Sunday, April 24, 2016

I Don't do Passover



              I don't do passover, or indeed any other Jewish holidays. I can remember a few passive passovers of my youth, nothing special and not very festive. I wasn't even bar mitzvahed   and for years I kept it a deep dark secret, too ashamed to admit it. Finally as a young adult I came out to my oldest childhood friend who of course knew this all along since we had studied for that day together with an old Rabbi who lived in our Brooklyn neighborhood and by the time i told him he had converted to Catholicism and could care less .
                 On holidays including Thanksgiving instead of going to the synagogue or having a  family Thanksgiving dinner me and my mother would drive into the city specifically with Times Sq on our radar and minds to take in some movies and dinner. Dinner was usually at our favorite place Hector’s  that great Formica covered cafeteria where the water fountains gave out with seltzer instead of just water. The place was located right under the Camel’s smoking man sign and the old Hotel Claridge where a second or  third cousin had his dental practice.
                     In our red and white 1957 gorgeous Pontiac we would go driving down to 4th ave passing through downtown Brooklyn and the beautiful  Brooklyn Paramount on our way to cross that great bridge and then along the Bowery till we reached Times Sq. and all those movie theatres. What to see was our hard choice of the day. On that particular Thanksgiving  of 1958 We decided on “Party Girl” at the Loew’s State probably because it was a crime drama and the ticket prices at the State were low, children 50 cents at all times. The film starred an aging Robert Taylor who was no longer pretty and pretty much on the way out, and Cyd Charisse who also didn’t do much for either of us. Doris Day she wasn’t. Of course we had no idea who the director Nicholas Ray was, and the film’s cult following was quite a few years away.
               We didn’t care for it, and our movie viewing was not satiated, so on that cool November evening we made a dash across the street to the Victoria to see “I Want To Live.” We thought about seeing “Separate Tables” at the Astor, the large beautiful billboard with portraits of the stars pulled us in and both Burt Lancaster and Rita Hayworth two favorites of both of ours were in it, but it looked dry and we wanted wet.
                          The last showing of “I Want To Live” was just starting and we no doubt got stares because I was probably the only 10 year old in the audience. The film seared my young brain and everything else that could possibly be seared.  My mother favored tough and independent actresses like Barbara Stanwyck, Bette Davis and Susan Hayward who by all accounts was giving the performance of the year and her career as Barbara Graham who was allegedly part of a burglar murder spree in the early 50’s and was found guilty of murder and  put to death in the California gas chamber. Not exactly the kind of film a mother would take her 10 year old son to see, but my mom was advanced in her movie and mothering ways and always said if she wanted to see a movie then I could see it also.

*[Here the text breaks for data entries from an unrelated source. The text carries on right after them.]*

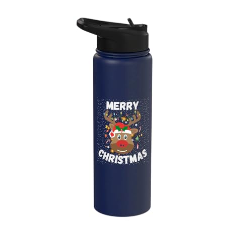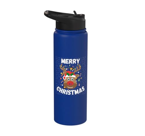 Merry Christmas Rudolph The Red Nosed Reindeer Cute Xmas Stainless Steel Insulated Water Bottle
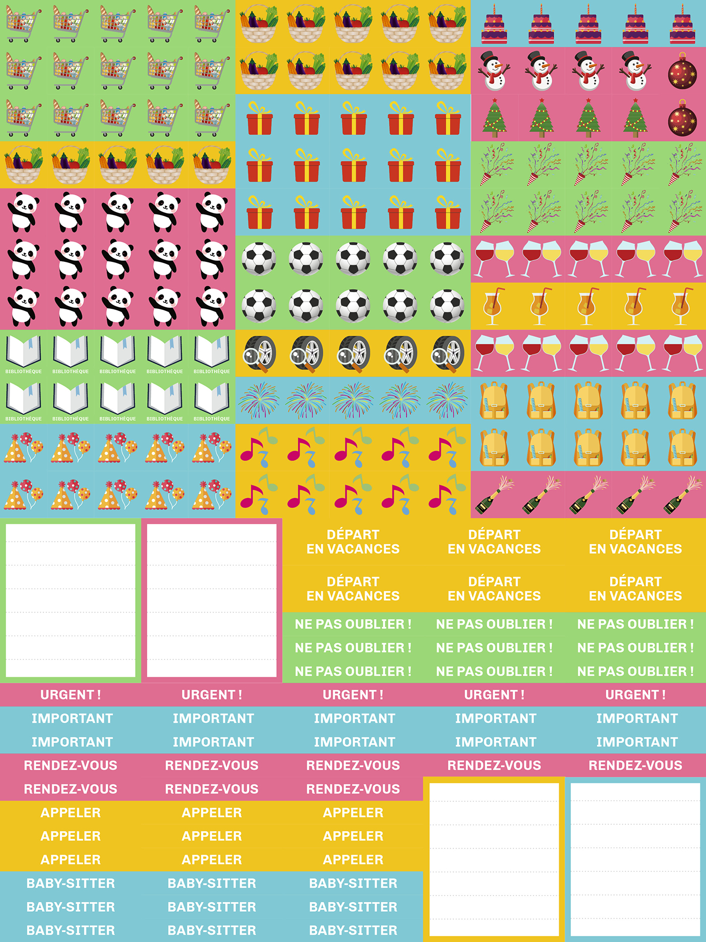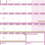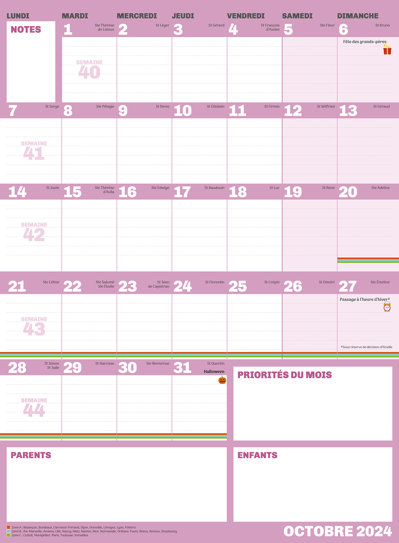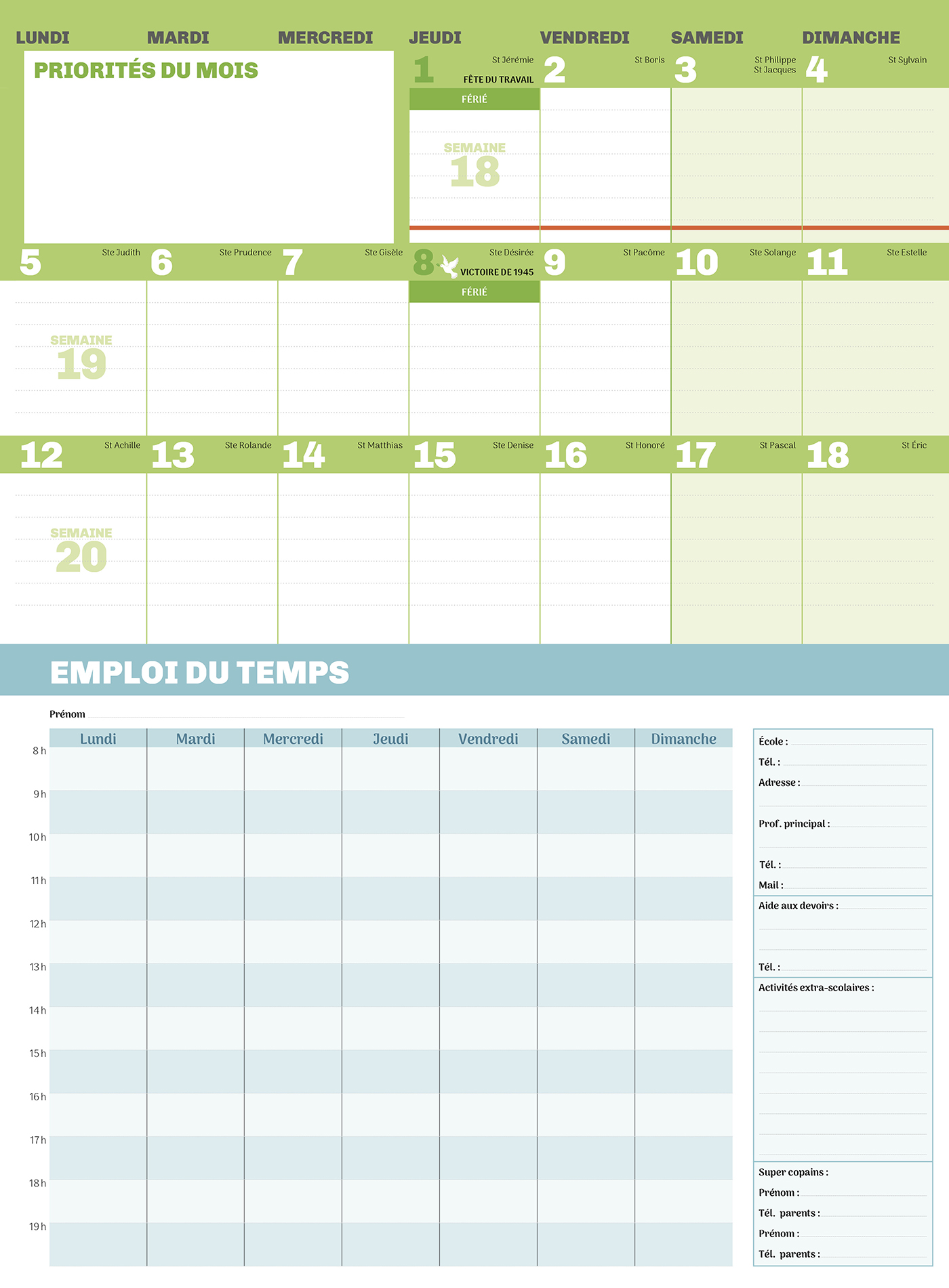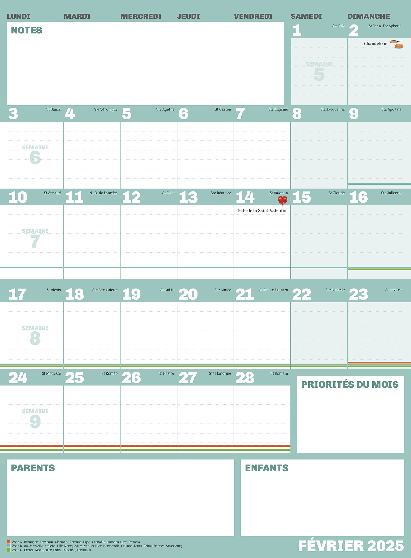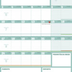 2 pages par mois, de très grandes cases pour tout noter, un espace dédié aux priorités du mois, une zone mémo pour les parents, une zone mémo pour les enfants… l'essentiel et c'est tout !
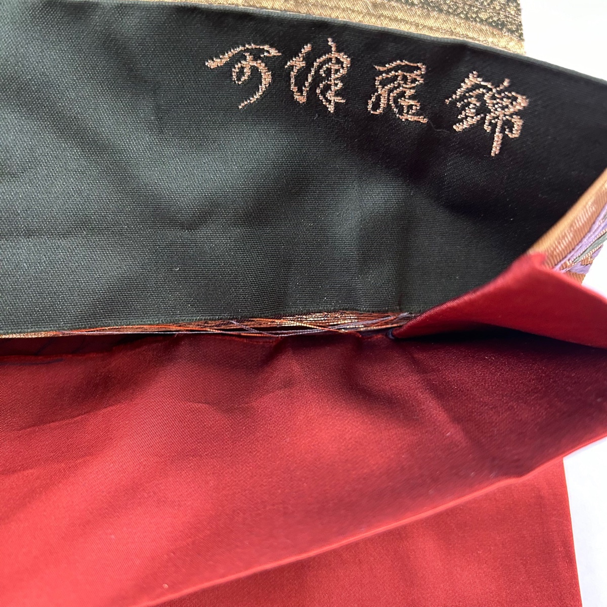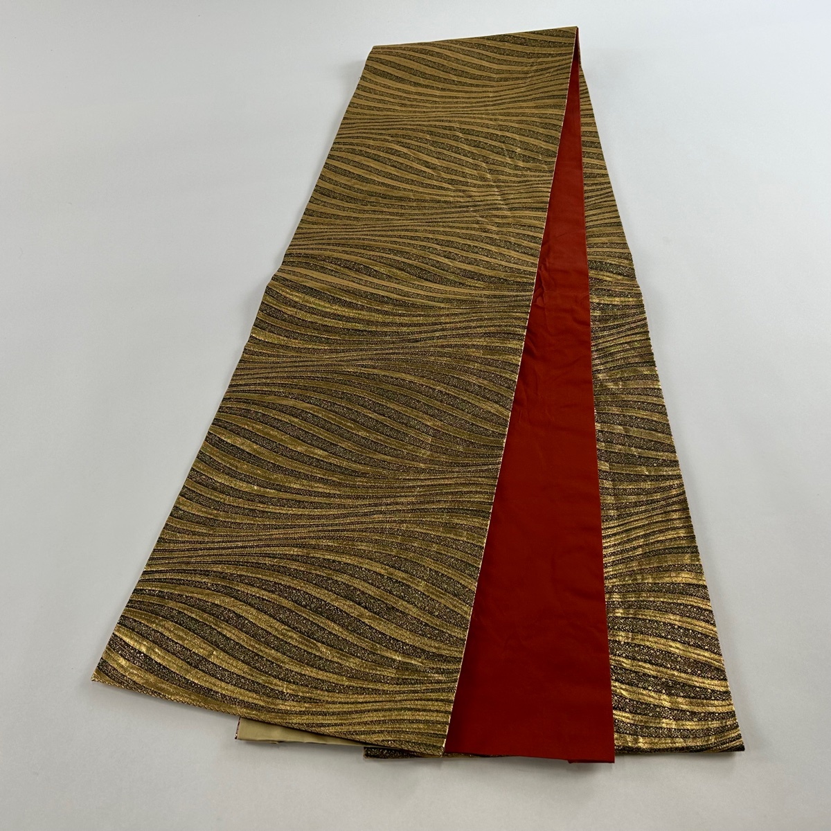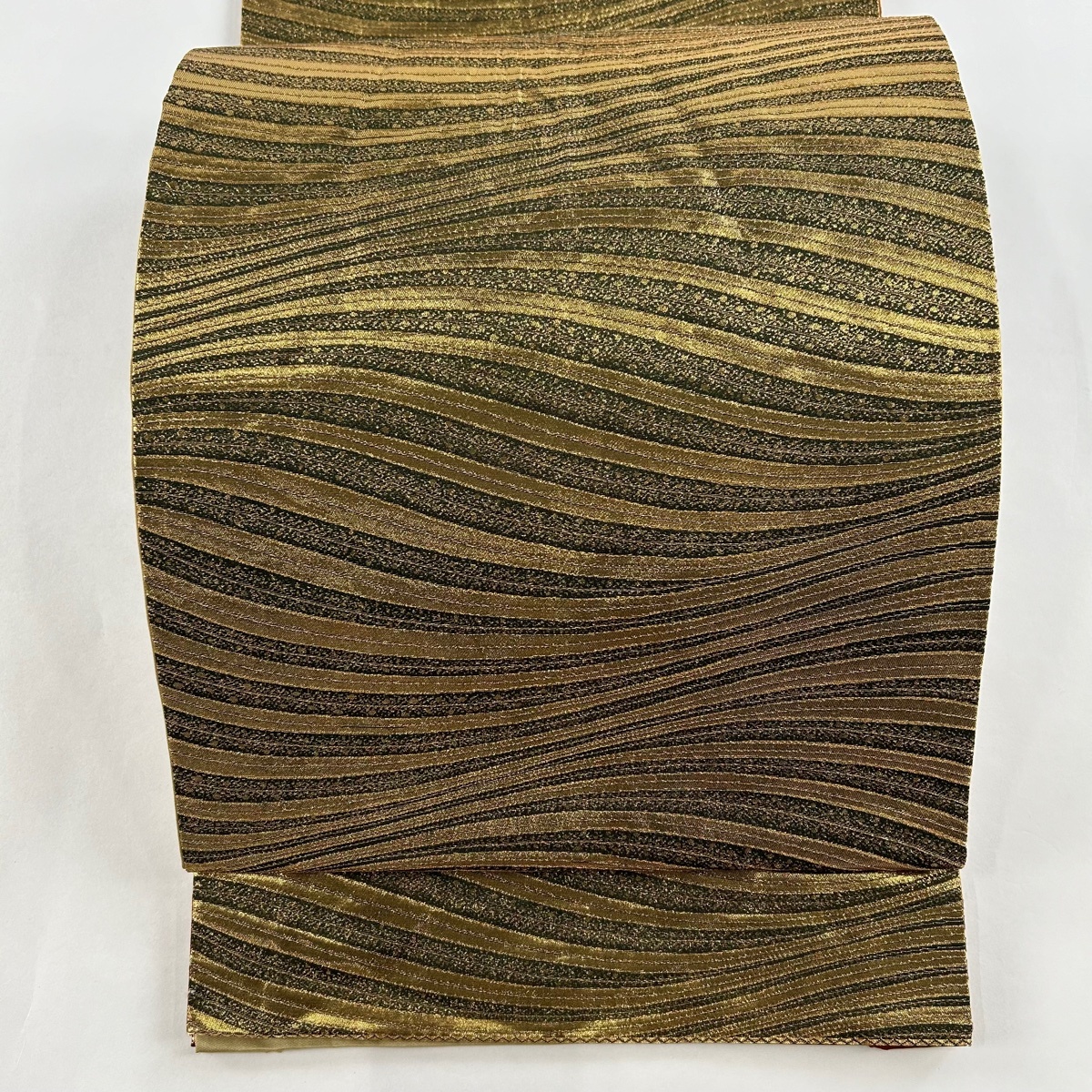 | 袋帯 秀品 比翼仕立て 縞 金糸 箔 金色 全通 正絹 【中古】 |
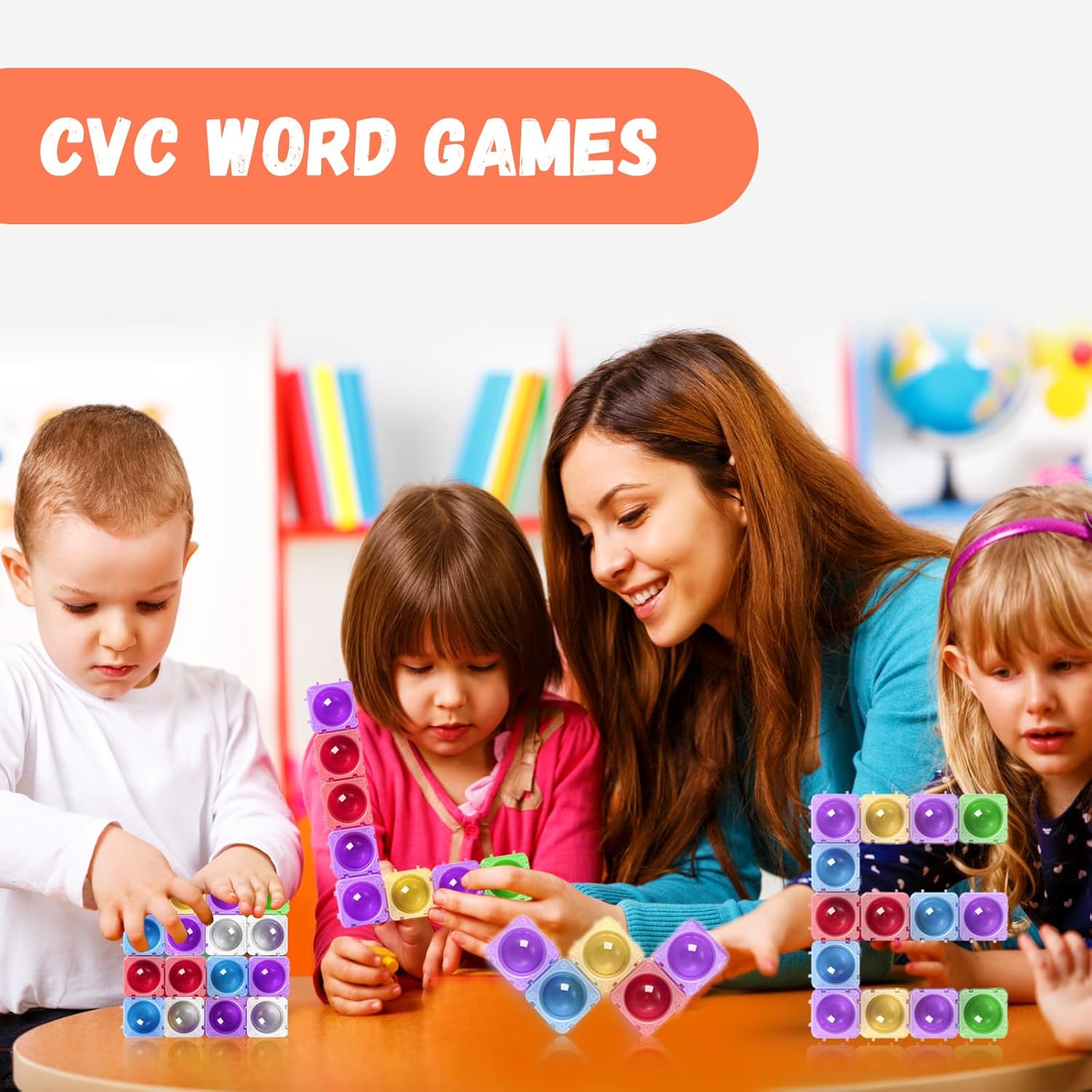 - [CVC Learning Resources] Can be used to teach or learn sight words and phonics. The student or kid has 3 pop its and sound out say cat. CCCAAATTT. As the kid says the /k/ sound, he/she can pop the first pop it, as kid do the short a, he/she can pop the second one and as kid do the t sound he/she pop the third one. Then he/she writes in front of the pop it the sound. Valuable for teaching phonics and spelling in a fun and interactive way for early education, preschool, kindergarten.
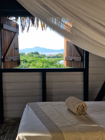 Un second espace extérieur sous la tonnelle avec vue sur le lagon aux eaux turquoises, une chambre Robinson en bois esprit cabane avec 2 lits simples, moustiquaires et ventilateur mural.
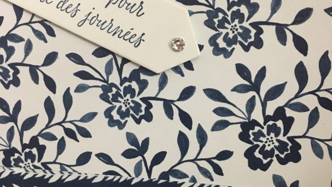 Je cherchais un modèle de carte simple mais wahoo et je l’ai trouvé sur le blog de Marika Lemay « La magie des étampes », il me restait à utiliser notre papier « Boutique fleurie » sur une base « Bleu nuit » pour obtenir une carte plutôt chic, je trouve. Notre perfo « Trois fleurs » m’a bien aidé ainsi que le set de tampons « Médaillons glacés »
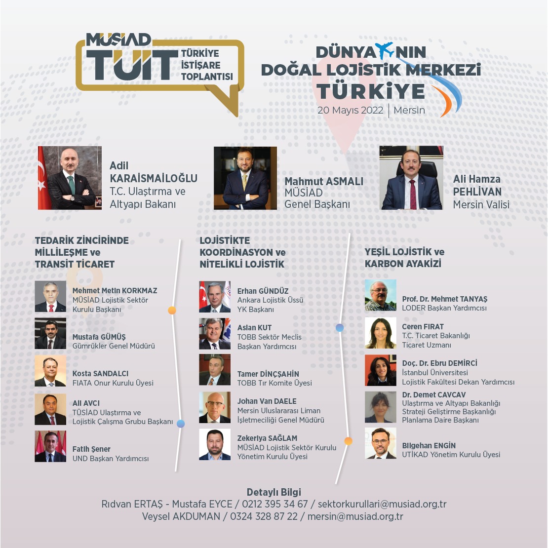 MÜSİAD Sektör Kurulları ve İş Geliştirme Komisyonu tarafından MÜSİAD Mersin Şubesi ev sahipliğinde 'Dünya'nın Doğal Lojistik Merkezi Türkiye' temasıyla Türkiye İstişare Toplantısı (TÜİT) düzenlenecektir. Toplantı, 20 Mayıs 2022 günü saat 09:00'da Mersin Divan Otel'de gerçekleştirilecektir.
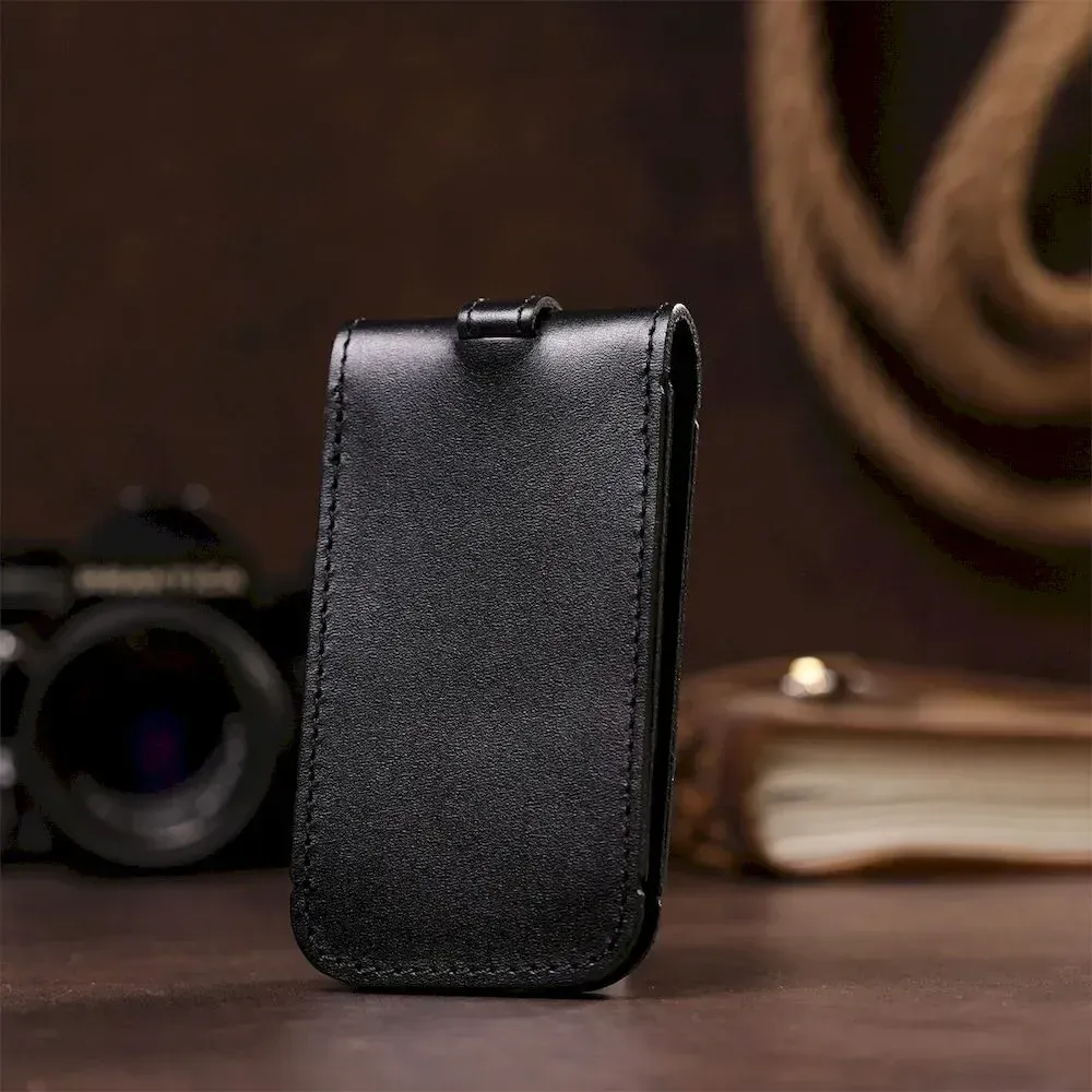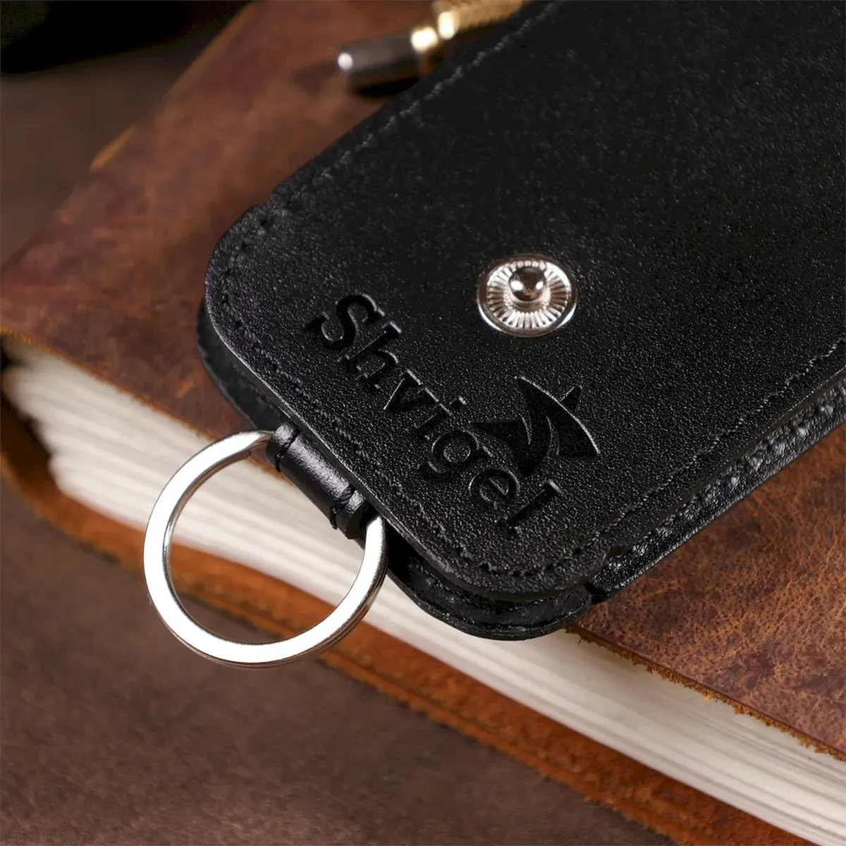 Компактна шкіряна ключниця з хлястиком SHVIGEL 13988 Чорна

                       We had just seen Vertigo in the Spring and loved it, and I had also seen “Night of The Hunter”  and “Sweet Smell Of Success” both of which shook me up,  haunting and staying with me for my entire youth. But nothing prepared me for what was screening across the shabby Victoria’s screen.  Hayward was brash and brassy, a troubled soul who had tried to kill herself in the early 50’s and was always strikingly good-looking, a Brooklyn born babe who sometimes gave over the top performances and we both loved her. I had never seen a film like “I Want To Live.” It was almost a documentary, grimy and gray with lurid touches throughout and with a Jazz soundtrack pounding in our ears.   It gave us pins and needles. Even at 10 I could recognize a downer and this film was one big down trip. It depressed me, and even at that young age I knew all about being depressed. This kind of film acting is dead and gone and would probably be laughed at or ignored today, and on my most recent viewing of the film a few weeks ago I could see why.  Hayward’s performance at times is so high pitched I’m surprised that the dogs of my hood didn’t coming bounding, barking  and pounding at my door. And then there was her suit, earrings and open toe heels that she wears in the final part of the film on her way to be gassed that no doubt caused me to be sexually attracted to women who wore open toe shoes from that day on. 
                However the film and Hayward are still compelling and pulled me in all over again. The texture and images of the film are like broken glass on a wet floor and the last half hour or so of the film is gut retching and somber and contains the best acting that Hayward does in the movie and no doubt was a big reason why she won the Oscar that year.  When the film was over, the lights came up and the audience was silent including me and my mom as we made our way out of the cigarette smoke filled theatre into the cool neon lit air of the Sq. and made our way back to Brooklyn on that Thanksgiving night so many years ago.